My Google alert popped up two articles this morning.
The first, from the Salt Lake Tribune. The notice against copying their article is pretty prominent, so I'll be safe and make you follow the link to read the article. Full link with some neat pictures here.
Weed problem? Hire some goats
By alicia greenleigh
The Salt Lake Tribune
Updated Jul 27, 2010 04:08PM
Goats may be the garbage-disposals of the animal world, but a new landscaping trend has them putting their stomachs to work.
The second is from a Seattle Post Intelligencer blog, here. I spent a week with Tammy Dunakin in 2008. She's the owner of this herd and the business Rent-A-Ruminant covered in the article below.
Add this to the tourism guidebooks: Seattle's goats
You know you're vacationing in Seattle (or the Swiss Alps) when...
Upon leaving your hotel, you see goats grazing underneath a viaduct.
At first, Becka and Kirstyn Lazur thought the animals were horses. The sisters, in Seattle on vacation, spotted the goats as they walked away from their hotel late Tuesday morning.
A closer look showed the animals were too small to be horses. On second thought, they were probably too hungry as well.
"We thought it was a museum -- some kind of goat exhibit," said Becka Lazur, who is from Connecticut. Her sister is from Los Angeles.
Not so.
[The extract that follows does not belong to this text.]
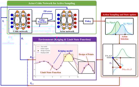In this study, the AC-Kriging method is proposed for efficient structural reliability analysis, integrating the Actor–Critic reinforcement learning framework with the Kriging model to optimize the selection of experimental sampling points, aiming to accurately approximate the limit state surface while reducing computational cost. As illustrated in Figure 2, the AC-Kriging method establishes correspondences between reliability analysis and the reinforcement learning paradigm: the sampling space represents the environment state, the deep neural network serves as the agent, and the selection of experimental points corresponds to actions.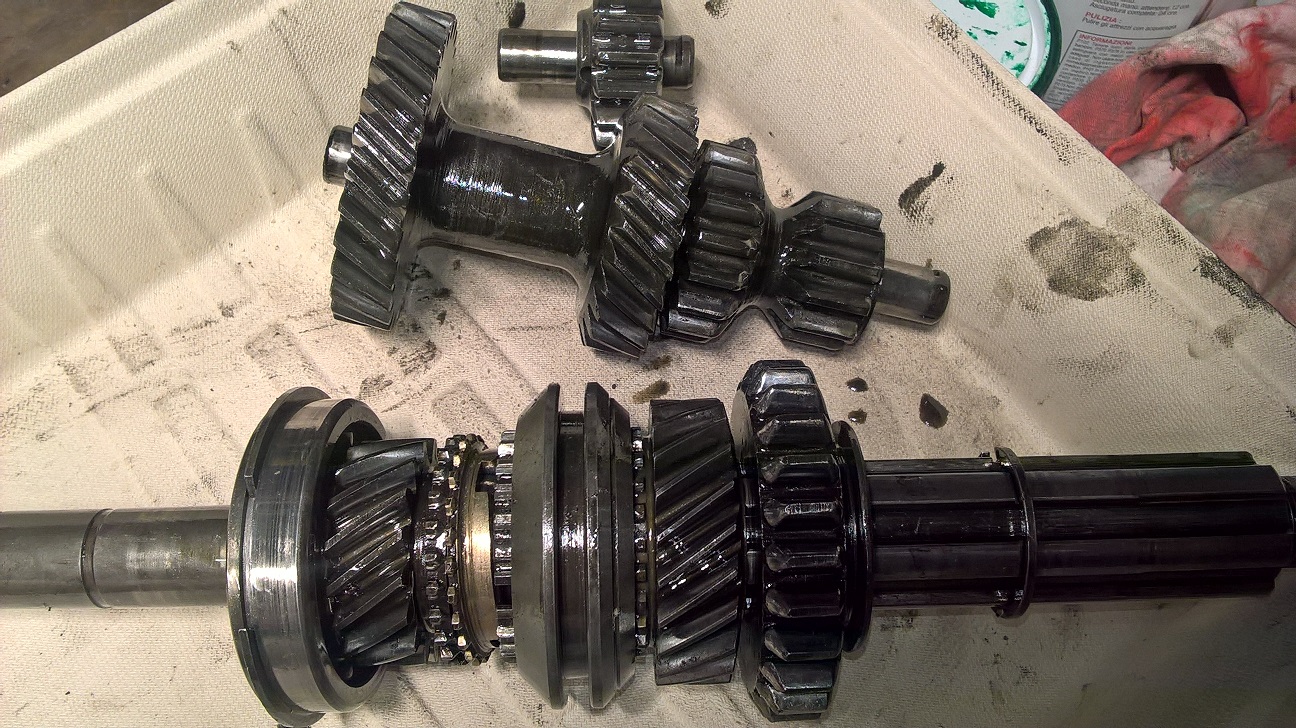 Je n'ai pas encore fait l'état des lieux précis mais j'explique déjà un soucis de bruit : les jeux axiaux et latéraux des 2 arbres (roulements HS) faisaient que les pignons de 1er et le pignon baladeur de 1ere / marche AR entraient en contact uniquement lorsque le rapport de 2eme était enclenché

The animals seen scouring the Pine Street Hill Climb this week might best be described as working goats -- a new social class of Capra aegagrus hircus that's showing its face around Seattle more often lately.
Just think of them as hairy little eating machines.
The goats spotted by the Lazur sisters Tuesday belong to Rent-A-Ruminant, a Vashon Island-based company that rents goats out to property owners and government agencies who need to clear vegetation.
The goats will be clearing the hillside through Friday.
In this case, Rent-A-Ruminant was hired by the Seattle Department of Transportation. The Pine Street Hill Climb was too steep to be cleared with equipment. And prolific drug use under that area of the Alaskan Way Viaduct means the area is riddled with needles and other paraphernalia dangerous to humans.
But not to goats.
"Goats don't catch people diseases," said Rent-A-Ruminant owner Tammy Dunakin. "I've never had a goat come down with an injury. It's amazing what they can be around and not get injured."
Dunakin said business has been good for her company this year. The goats-for-hire industry is still catching on locally, and it hasn't penetrated many markets in other parts of the country yet.
Besides being an environmentally friendly alternative to traditional methods of clearing landscape, Dunakin said her herd of 60 goats adds something special to the neighborhoods in which they work.
"People just love it," she said. "They stop and take pictures, and they ask questions. It just makes people really stop and chill out -- and it makes them happy."
Chloe and Josie Margarones (ages 9 and 7 respectively) stopped to watch the goats Tuesday with their mother and 3-year-old brother. The family drove from their Seattle home to Alaskan Way specifically to watch the goats -- and to learn a little more about the animals.
The sisters were worried at first that the goats might get a stomach ache from eating so much.
"We had a big, long discussion about how goat mouths are different from ours, and how they can do this," said the girls' mother, Leslie Margarones.
Three-year-old Nikolas knew what was up: "They're eating a snack."